# interested in long haired sables - what type?



## sprzybyl (May 15, 2008)

My husband and I are adding a male dog to our pack in 6 months to a year. we have not thrown out rescue, and that probably still is my first choice.

I know you should choose the type first and worry about looks later, but my husband is getting more and more interested in long haired sables (esp the red and black ones). i think the look he likes is mostly Czech Lines, but i'm not sure. I asked him to send me an image of what he likes and this is what he sent (did not look at the breeder or anything):

if you were to take looks out of the question, we are very active- we walk several miles a day rain or shine and do a lot of hiking and will be camping so we want a dog to keep up with us. I know Riley is technically a show line but her drive is awesome and made training and being with her a delight (kirschental lines). She LOVES to please us and we enjoy this aspect of her personality. However, I think he would prefer a dog that is more cuddly this time around- riley is more of "laying on your feet" type dog than "laying in your lap". (like, she's allowed up on the bed, but she RARELY comes up, just doesn't seem interested).

So what should we be looking at here. Seems like long hairs can crop up in any breeding program, really, so what aspect of a dog's personaility makes them "cuddly" versus "not cuddly"? Does drive or breeding have anything to do with this?
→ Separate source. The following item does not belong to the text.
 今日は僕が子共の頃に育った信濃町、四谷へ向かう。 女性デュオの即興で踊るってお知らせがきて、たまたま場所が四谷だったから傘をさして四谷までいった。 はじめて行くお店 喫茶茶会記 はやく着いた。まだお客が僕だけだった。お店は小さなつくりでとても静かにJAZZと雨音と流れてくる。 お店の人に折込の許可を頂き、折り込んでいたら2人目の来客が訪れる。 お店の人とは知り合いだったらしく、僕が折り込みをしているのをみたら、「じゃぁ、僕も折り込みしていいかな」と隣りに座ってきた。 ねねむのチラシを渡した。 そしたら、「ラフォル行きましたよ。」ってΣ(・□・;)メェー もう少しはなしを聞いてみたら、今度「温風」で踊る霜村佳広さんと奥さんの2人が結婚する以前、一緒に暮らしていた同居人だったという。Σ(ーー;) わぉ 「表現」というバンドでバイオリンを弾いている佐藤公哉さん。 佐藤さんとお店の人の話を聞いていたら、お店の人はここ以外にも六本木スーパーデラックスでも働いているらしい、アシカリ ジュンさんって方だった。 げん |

I've heard that males can be "goofier"- would a male of any german or european (show or working) be more apt to being "cuddly" than a female of the same type? 

we have talked about going to michele (ry's breeder) when we are ready and just asking for her next long haired male because we are very happy with riley... but my hubby wanted to look into SABLE dogs, too.


----------



## sprzybyl (May 15, 2008)

whoops forgot the link. He liked the "dark red sable" on this page the best, but any of those sables he liked. again... didn't look at the breeding program or anything, just the pictures

http://www.vonhena-c.com/ShepherdCoatColor.htm


----------



## Cassidy's Mom (Mar 30, 2003)

The black sable LC on the top right looks a LOT like Halo! I don't think she's technically a black sable though, she's just really dark. She's german working lines from Rokanhaus in Connecticut. And she loves to snuggle on the bed! 
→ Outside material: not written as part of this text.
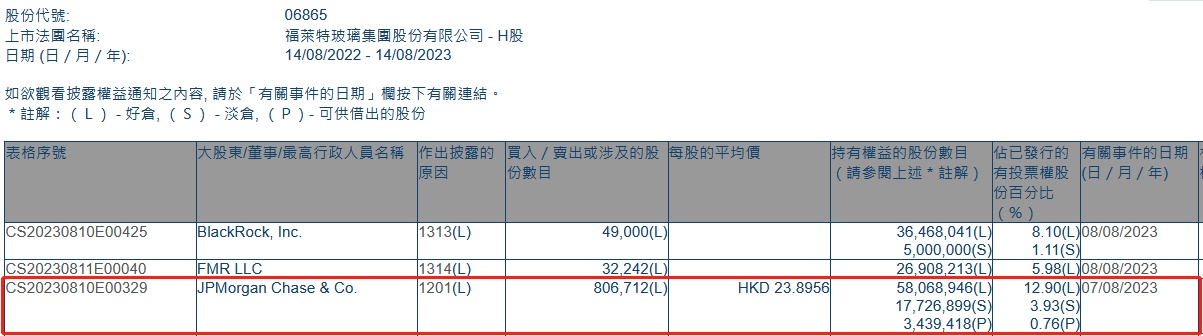 智通财经APP获悉,香港联交所最新资料显示,8月7日,小摩减持福莱特玻璃(06865)80.6712万股,每股作价23.8956港元,总金额为1927.69万港元。减持后最新持股数目约为5806.89万股,最新持股比例为12.90%。

ETA: Our boy Keefer (who is german show lines) is extremely affectionate, and I've heard that often the boys are cuddlier than girls.


----------



## sprzybyl (May 15, 2008)

I bet you halo (and keefer) are right along what he was looking for


----------



## Effie325 (Aug 19, 2009)

Mine is a bi-color, and resembles the dark red and black dog... I found him by chance!

He is only 15 weeks, so you can't see his coat super well yet.


----------



## Lauri & The Gang (Jun 28, 2001)

Mauser was the only coat in his litter. He is definitely a goofy boy but he's also only a year (almost).

I don't think you can go by sex. Riggs (M) was NOT a cuddler but he was very attached to me. Tessa (F) WAS a cuddler. Neke (F) was not and Remi (M) was.

Sasha (F mix) cuddles with DH but not me. Winnie (F Corgi mix) is a Diva and cuddles only when SHE wants to - and usually with DH. Tazer (M Cocker) sometimes cuddles with either of us and Kaynya (F Crested) cuddles with everyone - humans, dogs AND cats!


----------



## Lauri & The Gang (Jun 28, 2001)

Also - pictures can be deceiving.

Here is a picture of Mauser with normal processing (maybe just a tad under saturated):











And this is what he looks like if I over saturate the colors - making him MUCH more red:


----------



## AK GSD (Feb 27, 2008)

I have no idea how one would be able tell the cuddle factor of a puppy when selecting one. Out of our 5 males they have all liked to cuddle but only for shorter periods of time. I believe our 1 female would cuddle 24 hours a day, 7 days a week, 365 days a year if you let her. So I assumed it was more a female trait









Ours have been american showline, german showline, some high drive some less, stock coats and long stock coats (except Scout may be a true long coat without undercoat - she is young so the jury is still out on that one). I would think it is more a personality trait vs. type


----------



## sprzybyl (May 15, 2008)

> Originally Posted By: Lauri & The GangAlso - pictures can be deceiving.


wow i never even thought about that... but it definitely comes into play if you are buying a dog on looks!!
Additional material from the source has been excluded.